→ To do
Output, exactly as written, the lines below from the one that has "Abrigo de Zara" through the one that has "Проблем не возникло."; nothing else, and no pictures.

→ Supplied data
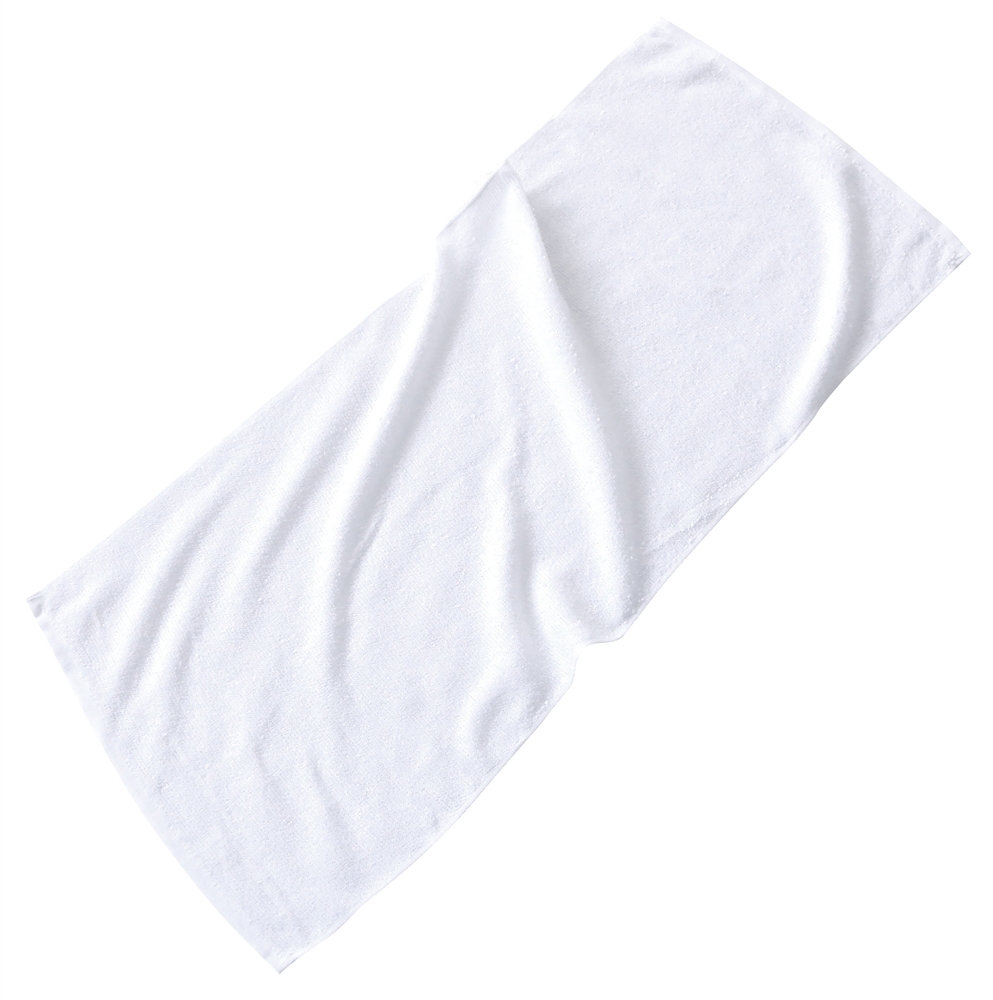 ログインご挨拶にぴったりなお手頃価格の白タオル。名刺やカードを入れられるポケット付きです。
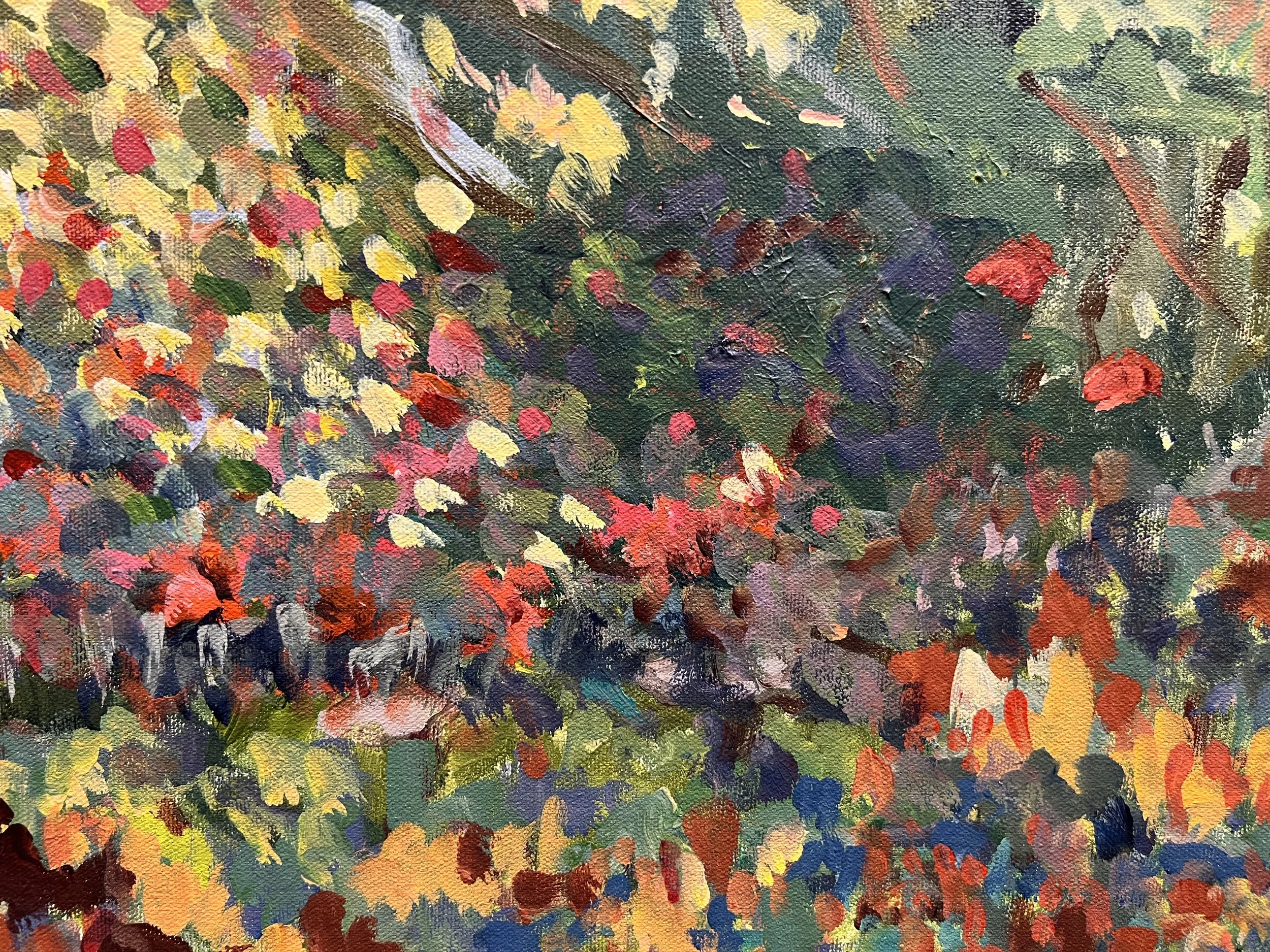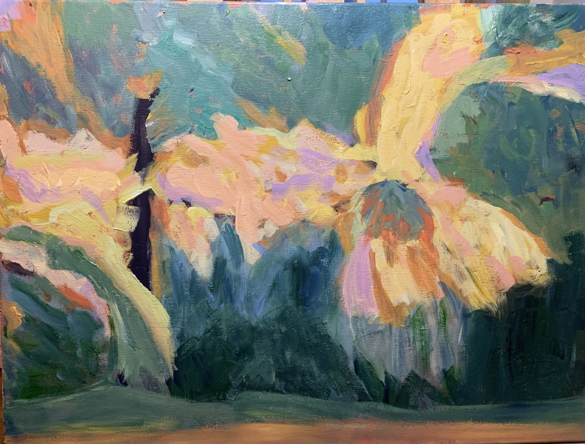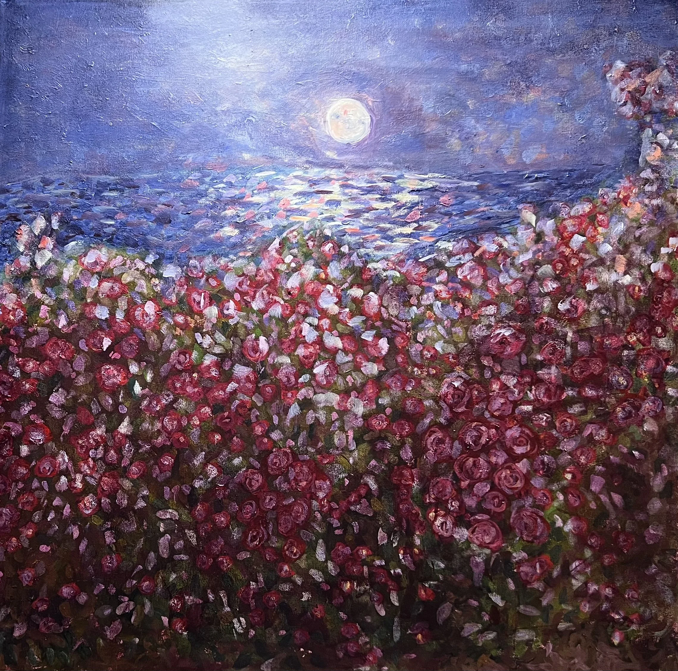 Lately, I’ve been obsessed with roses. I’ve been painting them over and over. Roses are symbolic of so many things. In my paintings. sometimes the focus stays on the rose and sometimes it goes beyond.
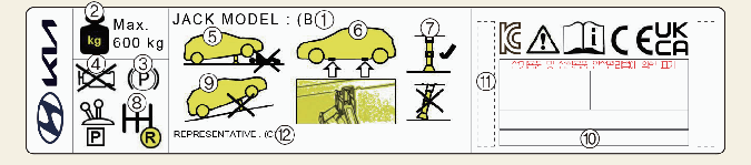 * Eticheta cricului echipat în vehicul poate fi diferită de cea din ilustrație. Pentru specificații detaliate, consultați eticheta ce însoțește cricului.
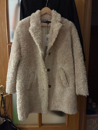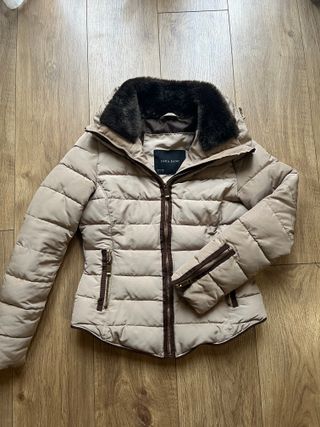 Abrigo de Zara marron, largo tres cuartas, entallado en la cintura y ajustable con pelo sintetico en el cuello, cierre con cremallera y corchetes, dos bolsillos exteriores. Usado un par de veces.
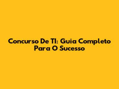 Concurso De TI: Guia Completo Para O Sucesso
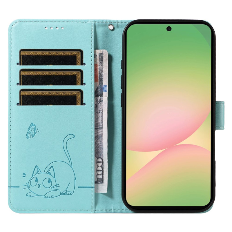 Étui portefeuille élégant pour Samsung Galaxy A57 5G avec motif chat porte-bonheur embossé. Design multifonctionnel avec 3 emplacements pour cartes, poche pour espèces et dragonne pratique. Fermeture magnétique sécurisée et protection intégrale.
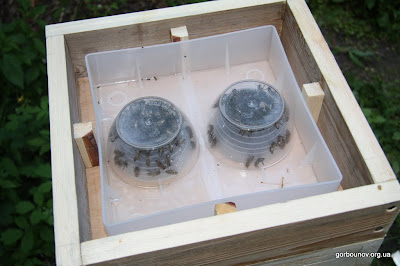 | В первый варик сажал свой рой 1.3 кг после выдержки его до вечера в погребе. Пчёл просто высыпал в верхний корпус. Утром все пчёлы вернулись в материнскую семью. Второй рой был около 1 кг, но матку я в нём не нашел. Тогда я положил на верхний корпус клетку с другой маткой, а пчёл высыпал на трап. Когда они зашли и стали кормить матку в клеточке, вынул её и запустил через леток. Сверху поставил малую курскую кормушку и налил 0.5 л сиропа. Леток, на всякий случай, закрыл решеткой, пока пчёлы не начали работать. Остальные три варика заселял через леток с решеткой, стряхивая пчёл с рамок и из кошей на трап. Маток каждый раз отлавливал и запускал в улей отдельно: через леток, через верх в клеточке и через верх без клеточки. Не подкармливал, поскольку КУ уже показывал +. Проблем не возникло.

---

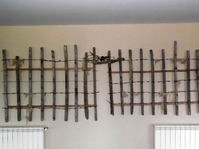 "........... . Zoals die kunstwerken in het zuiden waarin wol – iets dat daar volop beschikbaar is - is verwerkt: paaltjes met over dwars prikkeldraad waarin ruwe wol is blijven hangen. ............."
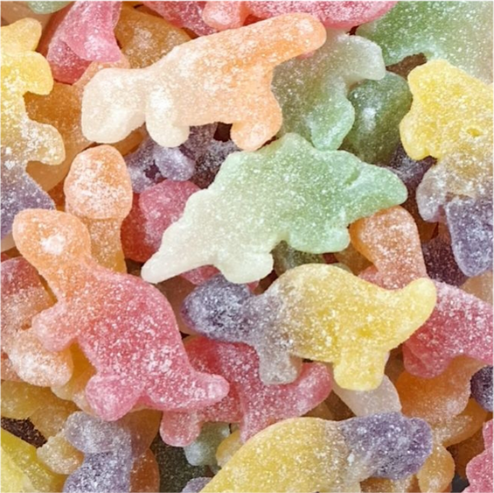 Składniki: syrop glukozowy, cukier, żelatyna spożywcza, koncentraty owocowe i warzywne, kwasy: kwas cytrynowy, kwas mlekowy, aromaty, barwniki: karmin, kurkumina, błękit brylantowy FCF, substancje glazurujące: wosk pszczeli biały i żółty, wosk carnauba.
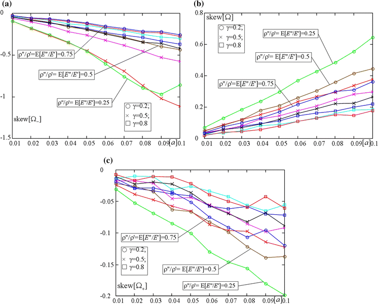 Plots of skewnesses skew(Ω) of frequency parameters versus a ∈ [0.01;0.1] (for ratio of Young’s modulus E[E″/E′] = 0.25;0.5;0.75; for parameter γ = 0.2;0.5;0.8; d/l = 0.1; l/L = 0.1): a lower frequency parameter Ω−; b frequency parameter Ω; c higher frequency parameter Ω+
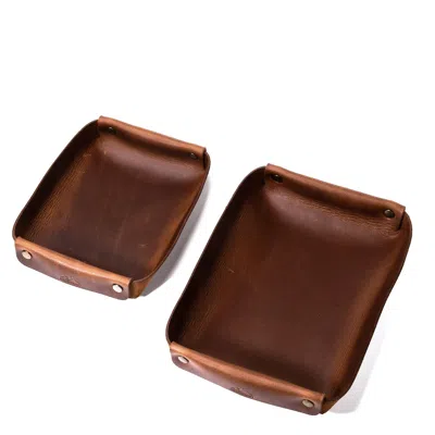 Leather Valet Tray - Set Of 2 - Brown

→ Result for this task
 Abrigo de Zara marron, largo tres cuartas, entallado en la cintura y ajustable con pelo sintetico en el cuello, cierre con cremallera y corchetes, dos bolsillos exteriores. Usado un par de veces.
 Concurso De TI: Guia Completo Para O Sucesso
 Étui portefeuille élégant pour Samsung Galaxy A57 5G avec motif chat porte-bonheur embossé. Design multifonctionnel avec 3 emplacements pour cartes, poche pour espèces et dragonne pratique. Fermeture magnétique sécurisée et protection intégrale.
 | В первый варик сажал свой рой 1.3 кг после выдержки его до вечера в погребе. Пчёл просто высыпал в верхний корпус. Утром все пчёлы вернулись в материнскую семью. Второй рой был около 1 кг, но матку я в нём не нашел. Тогда я положил на верхний корпус клетку с другой маткой, а пчёл высыпал на трап. Когда они зашли и стали кормить матку в клеточке, вынул её и запустил через леток. Сверху поставил малую курскую кормушку и налил 0.5 л сиропа. Леток, на всякий случай, закрыл решеткой, пока пчёлы не начали работать. Остальные три варика заселял через леток с решеткой, стряхивая пчёл с рамок и из кошей на трап. Маток каждый раз отлавливал и запускал в улей отдельно: через леток, через верх в клеточке и через верх без клеточки. Не подкармливал, поскольку КУ уже показывал +. Проблем не возникло.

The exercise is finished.